| EXERCISE INPUTS |
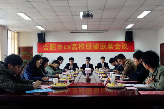 团学组织发起的合肥市2014年C9高校联盟联席会议在翡翠湖校区管委会第一会议室举行,来自中国科技大学、安徽大学等9所高校的计算机相关院系学生会主席参加了本次会议。
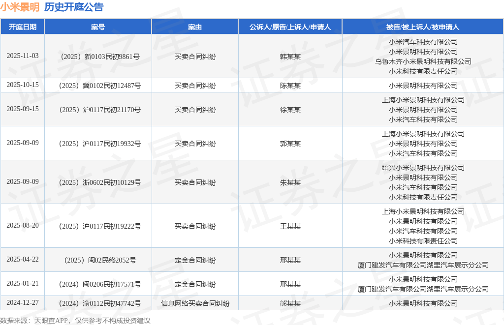 案号:(2025)新0103民初9861号根据统计,近一年内以小米景明科技有限公司为当事人的历史开庭公告有9则,其中案由为“买卖合同纠纷”的公告以6则居首,其次为“定金合同纠纷”有2则,“信息网络买卖合同纠纷”有1则。历史开庭公告如下:
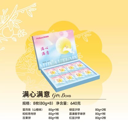 介绍:绿豆沙月饼80g*2粒 粒粒红豆沙月饼80g*2 百果月饼80g*1 醇香粒粒枣肉月饼80g*1 蛋月烧(山楂味)月饼80g*1 荔浦香芋月饼80g*1
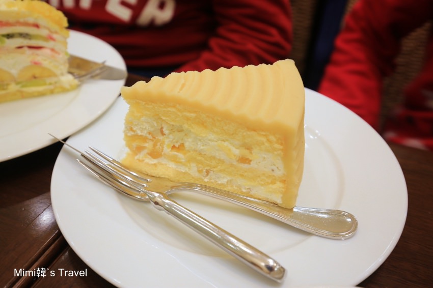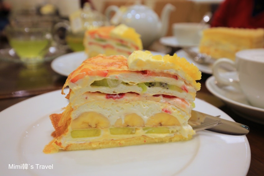 一層層夾著新鮮水果的千層是Harbs的招牌款,光看就讓人猛吞口水,裏頭有草莓、香蕉、奇異果、香瓜…水果選的又香又甜,混合細緻卻不膩口的奶油,整塊蛋糕非常好吃。
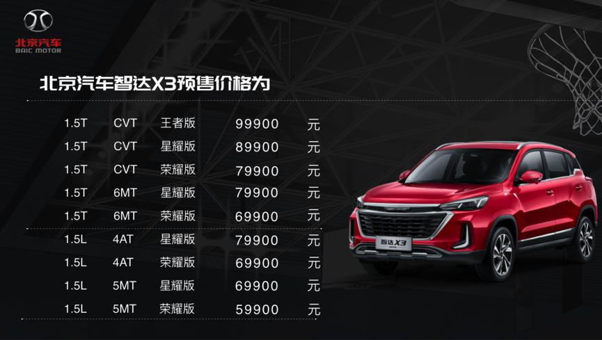 北京汽车智达X3搭载1.5T全铝涡轮增压发动机,并匹配了6MT和源自比利时Punch的高性能CVT两种变速箱,其中,“1.5T+CVT”的黄金组合,最大输出功率110千瓦,最大扭矩210牛·米。不仅如此,新车还兼顾用户对动力性和经济性的双重需求,零到百公里加速达到10.84秒,百公里综合油耗仅6.9升,成为新国标下A0级中为数不多的全系带T、10秒级破百的SUV。
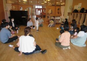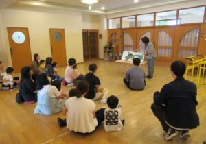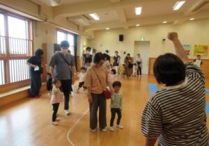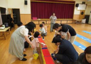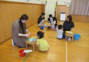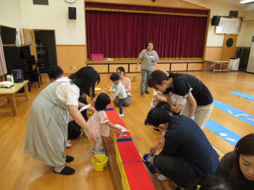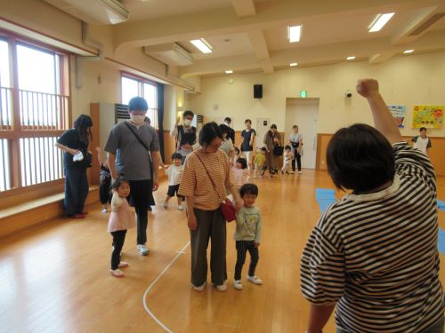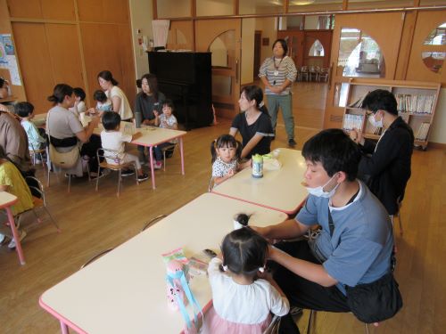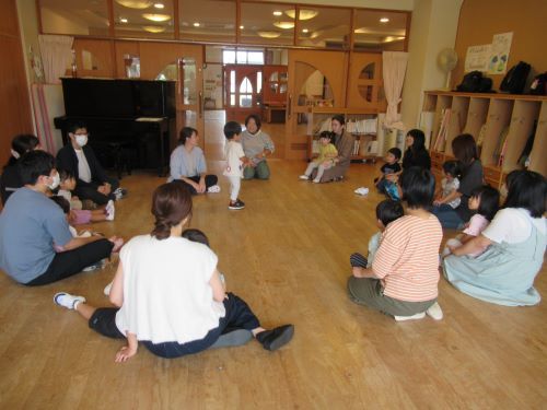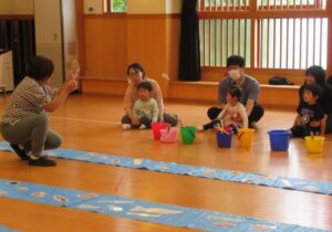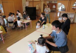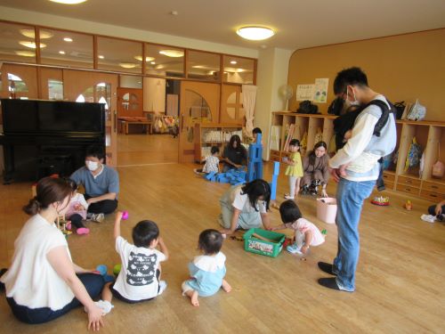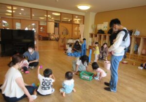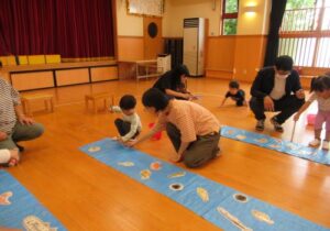 鶴ヶ谷幼稚園で『わくわくきっず』がありました。登園してくると、お気に入りのあそびを見つけて楽しみました。集まりでお名前を呼ばれると元気なお返事を聞かせてくれて、その後は親子で“フルフルフルーツ”に合わせて体操をしました。
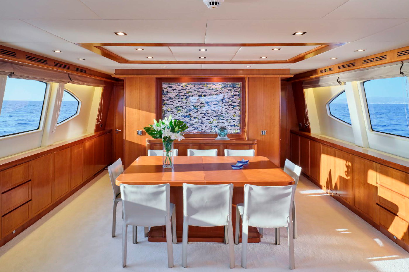 Yacht HELIOS’ saloon is structured as a large “open space” and is divided into living and dining areas, as connected to a well equipped galley on the main deck. The Falcon’s cabins are prestigious and extremely ...

| AIM OF THE TASK |
Everything from the line containing "一層層夾著新鮮水果的千層是H" through the end of the data should be printed exactly, line for line, except the pictures.

| RESULT |
 一層層夾著新鮮水果的千層是Harbs的招牌款,光看就讓人猛吞口水,裏頭有草莓、香蕉、奇異果、香瓜…水果選的又香又甜,混合細緻卻不膩口的奶油,整塊蛋糕非常好吃。
 北京汽车智达X3搭载1.5T全铝涡轮增压发动机,并匹配了6MT和源自比利时Punch的高性能CVT两种变速箱,其中,“1.5T+CVT”的黄金组合,最大输出功率110千瓦,最大扭矩210牛·米。不仅如此,新车还兼顾用户对动力性和经济性的双重需求,零到百公里加速达到10.84秒,百公里综合油耗仅6.9升,成为新国标下A0级中为数不多的全系带T、10秒级破百的SUV。
 鶴ヶ谷幼稚園で『わくわくきっず』がありました。登園してくると、お気に入りのあそびを見つけて楽しみました。集まりでお名前を呼ばれると元気なお返事を聞かせてくれて、その後は親子で“フルフルフルーツ”に合わせて体操をしました。
 Yacht HELIOS’ saloon is structured as a large “open space” and is divided into living and dining areas, as connected to a well equipped galley on the main deck. The Falcon’s cabins are prestigious and extremely ...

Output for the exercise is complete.